Chroniques

par bertrand bolognesi

René Char par Pierre Boulez, Paul Celan par Harrison Birtwistle
Marie-Christine Barrault (récitante), Alexandrine Monnot (soprano)

Pascal Gallois dirige l’Ensemble Orchestral Contemporain
Maison de la poésie, Paris
- 13 décembre 2018
le poète René Char, dont Le marteau sans maître inspira Pierre Boulez
© dr

Belle initiative que celle de l’Ensemble Orchestral Contemporain à la Maison de la poésie, consistant en un atelier menant du poème brut à son interprétation par le compositeur. Deux figures de chaque discipline sont à l’honneur, ce soir : René Char et Paul Celan ; de même deux musiciens majeurs du second XXe siècle sont-ils joués : Pierre Boulez et Harrison Birtwistle. La soirée est ouverte par le fameux portrait du jeune Boulez brossé d’une plume affectueuse par Jean-Louis Barrault. Il est dit par sa nièce Marie-Christine qui, dans la foulée, enchaîne en déclamant plusieurs vers de Char [photo].
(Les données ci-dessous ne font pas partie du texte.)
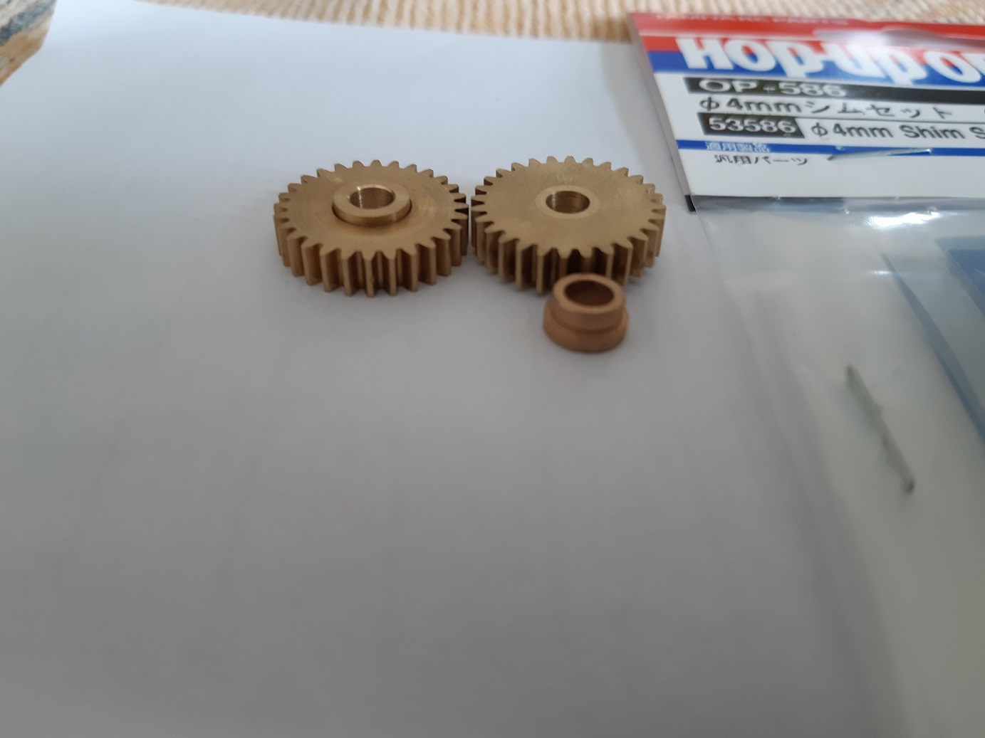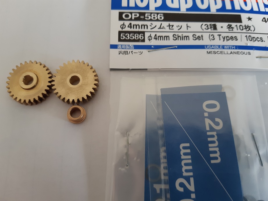 Part two of this article: Unfortunately the Traxxas bush does not have the correct dimensions so I had a engineer make me some bronze bushes copying Daryls bush which also have a interference fit with the drilled out the centers of the drive gear. After stripping a gearbox completely i found that Tamiya used the same bush in question throughout the gearbox in the other clusters. They work with those configurations but the final drive gear should have had a full length bush as we have now have made. Tamiya. One bush suits all. Cutting corners is what I call it. I also purchased a Tamiya shim kit and shimmed each gear cluster to get rid of the very loose tolerances and so each gear face matched each other rather than being offset which some are just because of excess sideways movement in the gears. I have posted a photo of the modified gears both sides, the culprit bush and the shim kit I used. In the first photo ,you can see the Tamiya bush and how much it is missing in length to fully support the gear it inserts into.

Ce premier récital est conclu par l’exécution de trois extraits du Marteau sans maître (1954) dont, vraisemblablement, l’EOC fut la dernière formation à l’avoir donné du vivant de son auteur [lire notre chronique du 15 décembre 2015]. Le soprano Alexandrine Monnot s’attelle surtout à l’intelligibilité du texte, quitte à favoriser un Sprechgesang plutôt qu’un impact plus mélodique – à se rappeler la filiation assez évidente entre Pierrot lunaire et cet opus boulézien, l’on ne froncera certainement pas le sourcil [lire nos chroniques des 16 mars et 13 avril 2003, du 12 novembre 2004, du 17 juin 2005, du 3 octobre 2008, du 6 janvier 2010, des 1er et 10 février 2013, enfin du 2 décembre 2017]. En revanche, la lenteur choisie par Pascal Gallois surprend beaucoup, parce que l’on se souvient sans doute trop de la vivacité en volte-face des lectures de Boulez lui-même ; libre, cependant, à chaque chef de révéler, grâce à des options inattendues, des aspects insoupçonnés de l’œuvre, plus proches de leur sensibilité [lire notre critique du CD].

Place à Celan et à un moment relativement pénible où la comédienne confond cette expression désespérée avec une quelconque poésie lyrique qu’elle s’ingénie de contaminer d’une emphase ici presque obscène, au point qu’on en arrive à se demander si un seul mot du génie de Bucovine est à peine compris. Passé cette brève bévue, nous entendons Three settings of Celan conçu par Birtwistle entre 1989 et 1994 et qui, en 1996, se développera jusqu’à devenir Nine settings of Celan [lire nos chroniques du 14 novembre 2004 et du 8 novembre 2005] – aucun doute : nul contre-sens a fourvoyé le travail du compositeur britannique, chargé de l’implacable angoisse post-Shoah que l’on sait, dont témoigne l’exécution sensible et drue de Pascal Gallois à la tête de l’EOC et, principalement, le chant d’Alexandrine Monnot, idéal.